Please read the introduction giving general information about the nature of this document.


You should have read TEACH VISION1 and VISION2.

Load the necessary libraries and get hold of an image now:

    uses popvision          ;;; search vision libraries
    uses rci_show           ;;; image display utility
    uses arrayfile          ;;; array storage utility
    uses float_byte         ;;; type conversion utility
    uses float_arrayprocs   ;;; array arithmetic library
    uses convolve_gauss_2d  ;;; Gaussian convolution program
    uses rc_graphplot       ;;; graph display utility
    uses canny              ;;; Canny edge detection
    vars image;
    arrayfile(popvision_data dir_>< 'stereo1.pic') -> image;
    float_byte(image, false, false, 0, 255) -> image;

The Gaussian convolution mask

The Gaussian convolution mask is a circularly symmetrical (or isotropic) mask, such that any cross-section through its centre yields a weight profile that has the form of a Gaussian or normal curve. The mathematical formula is in all statistics text books, and almost all computer vision books. A Pop-11 procedure which implements the formula to generate Gaussian weights looks like this:

    define gauss_weight(r, sigma) -> g;
        lvars r, sigma, g;
        exp( -(r**2) / (2 * sigma**2) ) -> g

The r argument gives the distance (in pixels) from the centre of the mask, and sigma specifies the "width" of the mask. The procedure returns the weight for this distance and width parameter. We can see what the curve looks like by plotting the function with *RC_GRAPHPLOT:

    rc_new_window(400, 300, 500, 20, false);  ;;; make a new window
    rc_graphplot(-13, 1, 13, 'r', gauss_weight(% 5 %), 'G') -> ;
Gaussian curve

If the graph window appears in an inconvenient place on the screen, move and resize it with the mouse, then if necessary re-execute the call to rc_graphplot.

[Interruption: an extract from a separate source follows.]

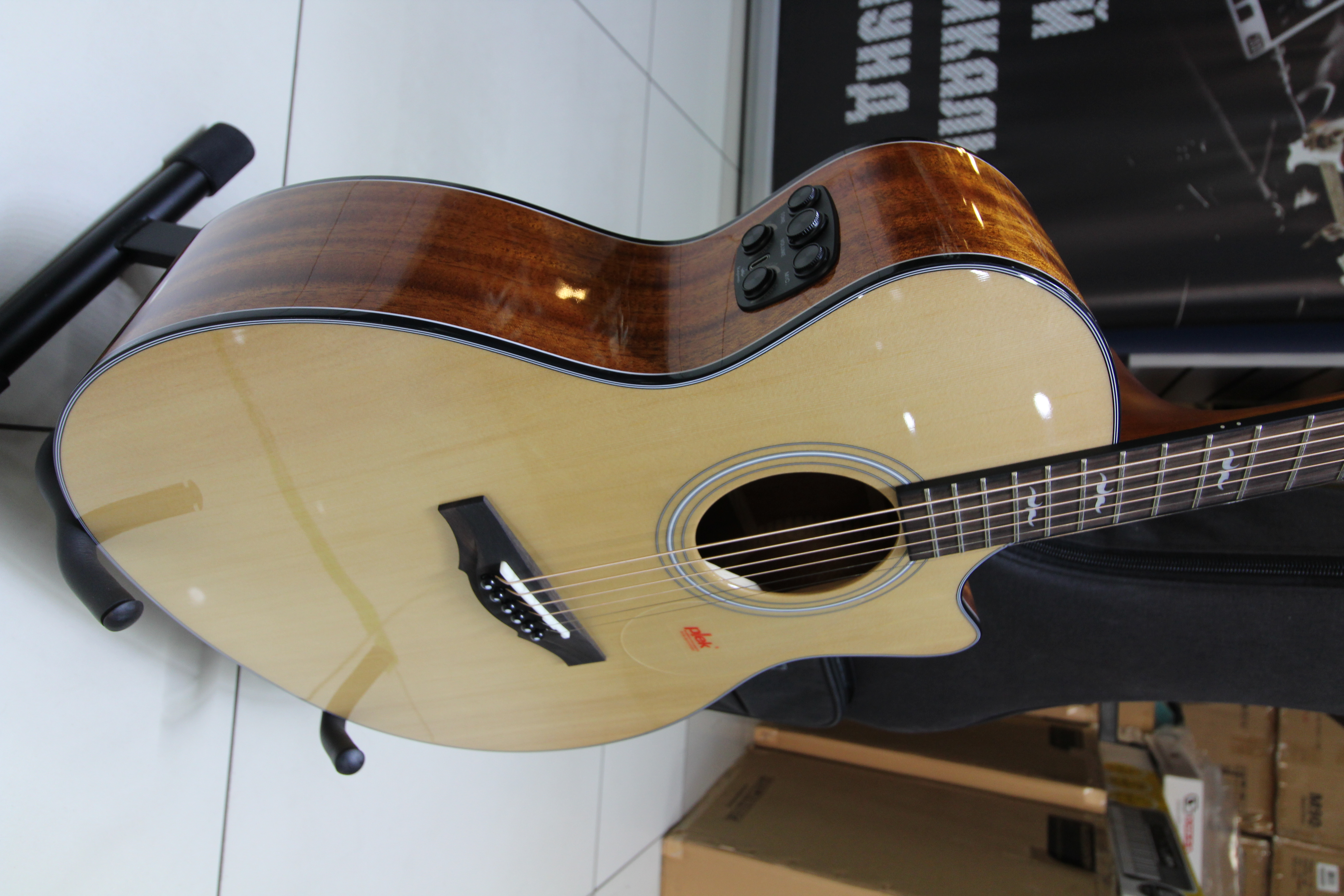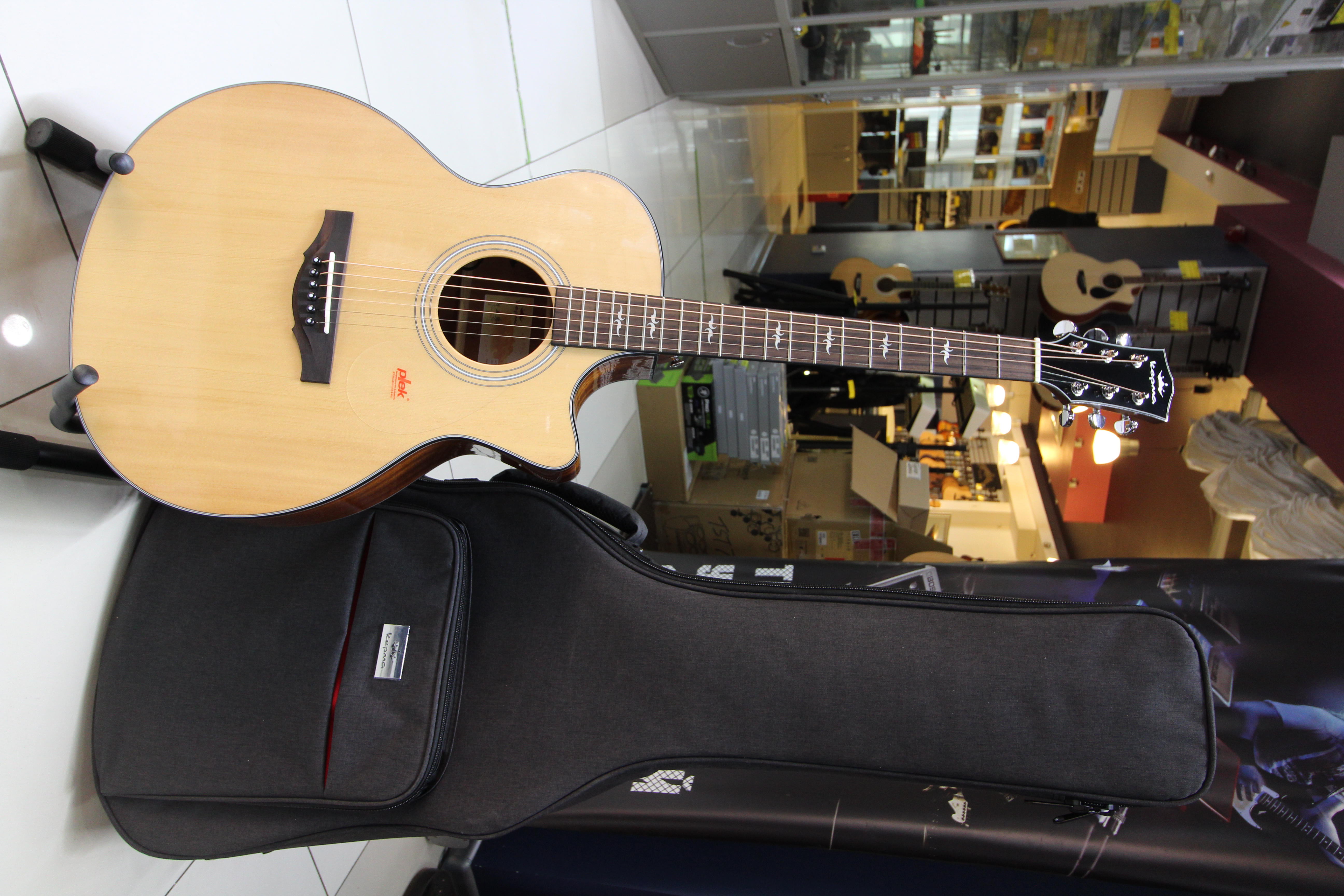 Форма корпуса — гранд аудиториум. По размером он где-то посередине между дредноутом и парлором. Благодаря этому, гитара очень универсальна в применении. Она обладает богатым на обертона звуком. Все благодаря материалам высокого качества. Верхняя дека – из массива ситхинской ели, нижняя дека и обечайки — красное дерево.
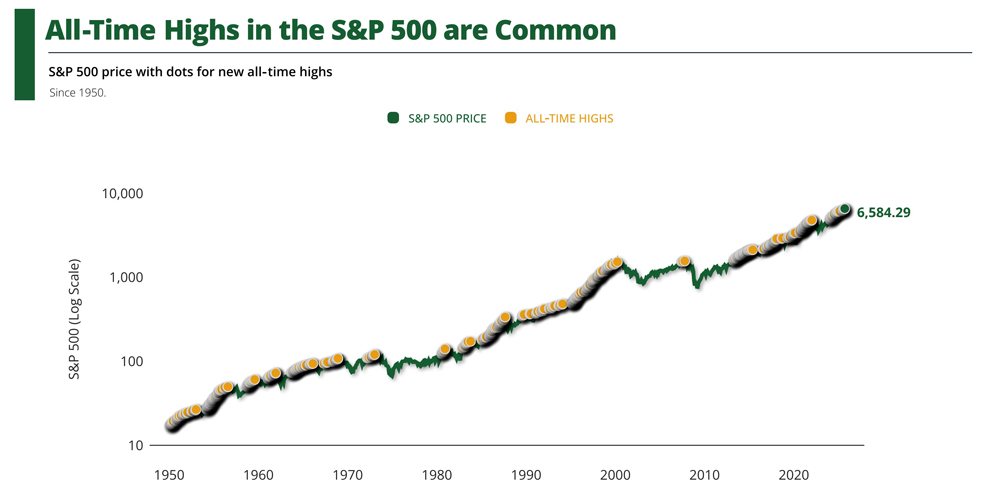 It’s natural to feel cautious. After all, no one wants to buy at the top. But history, data, and financial planning experience suggest a more reassuring perspective: all-time highs are not red flags but milestones on a market’s long-term upward journey.

To draw the graph, sigma was set to 5 by creating a closure (see *CLOSURES) of gauss_weight. You can see that the curve drops to about 60% of its central value when r is equal to sigma - this is what is meant by by saying that sigma sets its width. Try changing sigma to see the effect.

The mathematical Gaussian function does not fall to zero for any finite value of r - the "tails" of the curve go on forever. For a practical mask, it is necessary to truncate the function when the weights have become small enough to be insignificant, to keep the mask to a reasonable size. As you can see from the graph, the values are pretty small when r is plus or minus 13 for sigma = 5. An efficient library procedure to generate arrays containing Gaussian weights is gaussmask. This has a sensible criterion for truncation built in (see HELP *GAUSSMASK), and it also normalises the weights - that is, it multiplies them by a constant so that the weights in the mask sum to 1, which avoids increasing or decreasing the average grey-level when the mask is used for smoothing. To get a 1-D Gaussian mask, execute:

    vars gmask, gsize, sigma;
    5 -> sigma;
    gaussmask(sigma) -> gmask;          ;;; calculate the weights
    gaussmask_limit(sigma) -> gsize;    ;;; get the mask size

The bounds of the mask array are given by [-gsize gsize]. If you plot the values in gmask with rc_graphplot (it will accept an array as an argument instead of a function) you will find the curve looks the same as the one we already have, though the actual values are smaller because of normalisation. A fast and simple way to print the values in the gmask array is:

    gmask =>                    ;;; print the boundslist
    ** <array [-13 13]>

    arrayvector(gmask) =>       ;;; see HELP *ARRAYS
    ** <sfloatvec 0.002735 0.00451 0.007144 0.010873 0.015899 0.022337 0.030152
        0.039105 0.048727 0.058337 0.067104 0.074161 0.078747 0.080338 0.078747
        0.074161 0.067104 0.058337 0.048727 0.039105 0.030152 0.022337 0.015899
        0.010873 0.007144 0.00451 0.002735>

but this method is only really useful for small 1-D arrays.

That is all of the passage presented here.